Most anyone who has spent time in the “service industry” knows that being “in the weeds” means that you are so far behind you just can’t seem to catch up.
Maybe it is my “server” perspective, but my life recently (okay, truthfully, almost always, ha) feels “in the weeds” – and, as if to punctuate that point, I am sitting here covered in Calamine goo, while poison ivy laps it up with a snide smile (a not-so-subtle middle finger to my attempt at a green thumb this Spring).
It almost seems to enjoy the negative attention… the way my four-year-old does lately. And I can almost hear It cackle as I go to nurse my nearly two-year-old son… sitting in the night, with my writhing boy latched to my chest, thinking itchy thoughts that I can’t “scratch” without “waking a sleeping giant” – the metaphor is almost as thick as the lotion.
Grating thoughts… like, it happens to be Memorial Day, but instead of being able to feel grateful to the servicemen and women of our beautiful country, I am thinking of my dearest Gram, who just passed away (although she was a Navy widow, so perhaps that counts?). Mourning her is what I am learning to call an “on-growing process” – which at least makes it feel like forward momentum.
I was unable to attend her memorial service. It was in California, on Mother’s Day, but the timing and expense of an impromptu trip there was not one our family could afford. I was caving into sadness, when, just as that milestone slipped out of reach, another showed up that day to take its place…
The day actually started out better than the previous Mother’s Day (where the words “Happy Mother’s Day” stood out as as a starkly solitary “gift” from my family). So, nowhere to go but up this year really, even with missing Gram’s memorial.
Instead, the day dragged me into an unwanted moral dilemma of sorts, when my husband suggested a visit to see his mom.
It was not an unreasonable thing – sharing “my” Mother’s Day… but in the five years that we have been married, he had not asked to visit her and decided that day was the day. I was frustrated, but agreed to make the nearly two-hour drive south (when the four of us had just driven almost that same distance the day before to see another side of his family).
The dilemma? His mother passed away just before we met.
How could any decent person deny such a request? So there I sat, in my cloudy mood, wearing my new “family tree” necklace, taking my two young kids on their first trip to the cemetery on my Mother’s Day.
It took about an hour of brooding to realize that what was making me so upset wasn’t about visiting a headstone (which felt like a millstone) – it was this… this was just another searing reminder of how I hadn’t grown. I hadn’t grown to the point of being able to be a supportive spouse, rather than a needy, validation-seeking partner. I was still so far stuck “in the weeds”.
(I guess I have always been partial to The Parable of the Sower…“The seed falling among the thorns refers to someone who hears the word, but the worries of this life and the deceitfulness of wealth choke the word, making it unfruitful…” – Matthew 13:22)
All at once, I rambled (brambled, ha) this out to my husband as we drove.
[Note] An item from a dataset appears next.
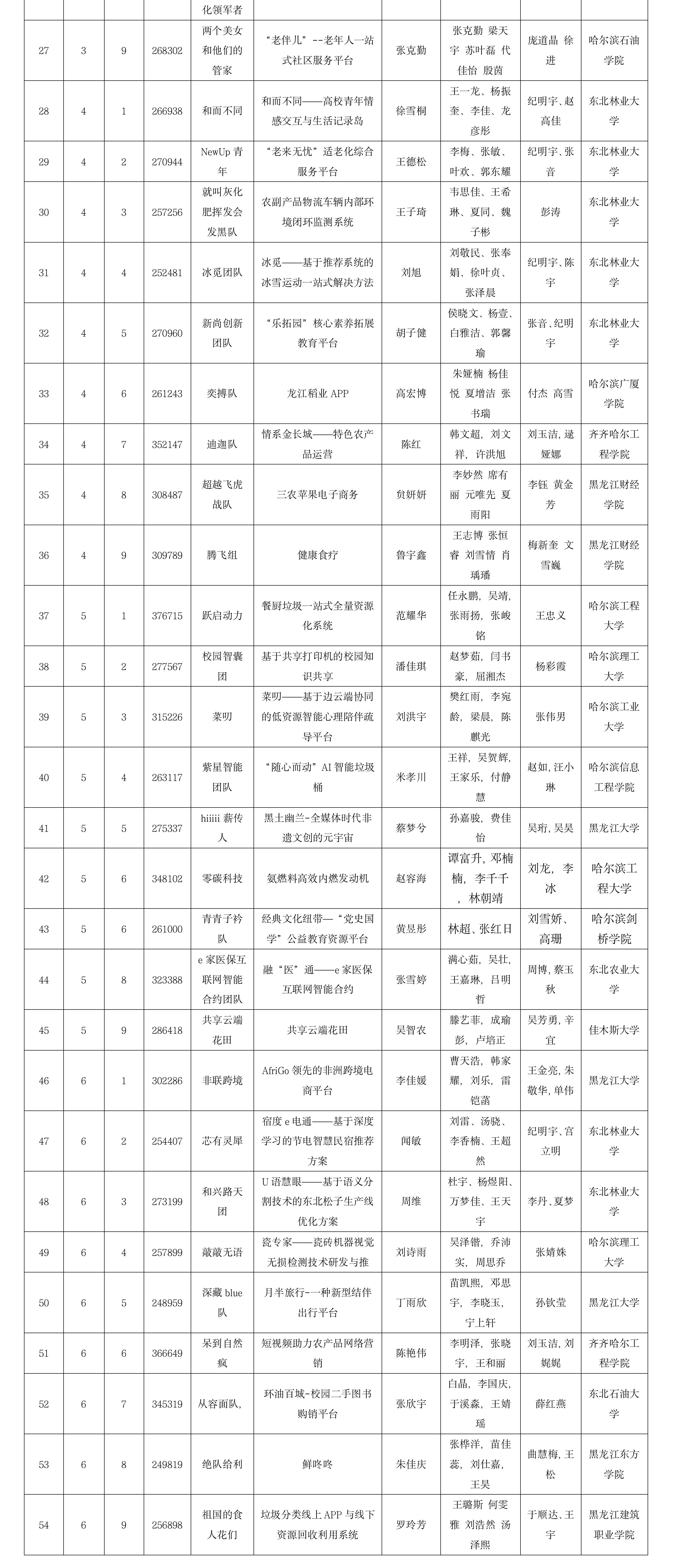 入围本届黑龙江赛区选拔赛初赛的队伍共84支,其中的54支队伍通过了前期的通讯评审,进入到了当天的复赛,复赛分为6组进行,复赛各小组分组路演答辩后,6个小组的小组第一名队伍在省赛决赛上做了精彩的项目展示。

I only remember his response was compassionate, and reassuring… exactly the kind of admirable spouse who deserves to be lovingly supported.
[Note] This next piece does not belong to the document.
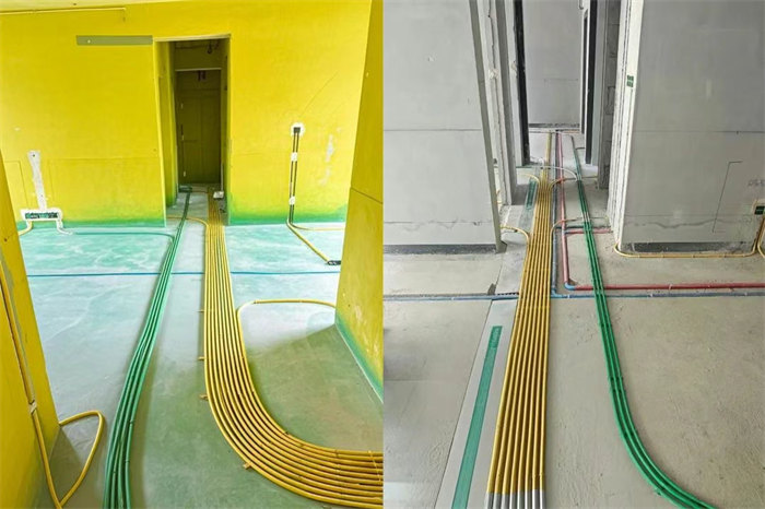 △線管排布感觀橫平豎直,底盒固定后沒有超出原始墻面,單一和聯(lián)排底盒水平無誤差,合格。

By the time we reached the cemetery, the cloud had lifted. We delivered flowers to his mother’s grave. We discussed life and death. We walked around holding hands, unceremoniously. We changed clothes after the toddler had a “wee” accident. We saw Grandpa Philip’s grave (my son’s middle namesake). We took pictures. My husband’s caring step-dad joined us. We went out to lunch in the tiny town where he grew up. It was a memorable day, for all the best reasons… a truly fitting memorial for those who most needed remembering.
And, for the first time in a long time, the growth felt hopeful enough to overpower any of the weeds waiting there.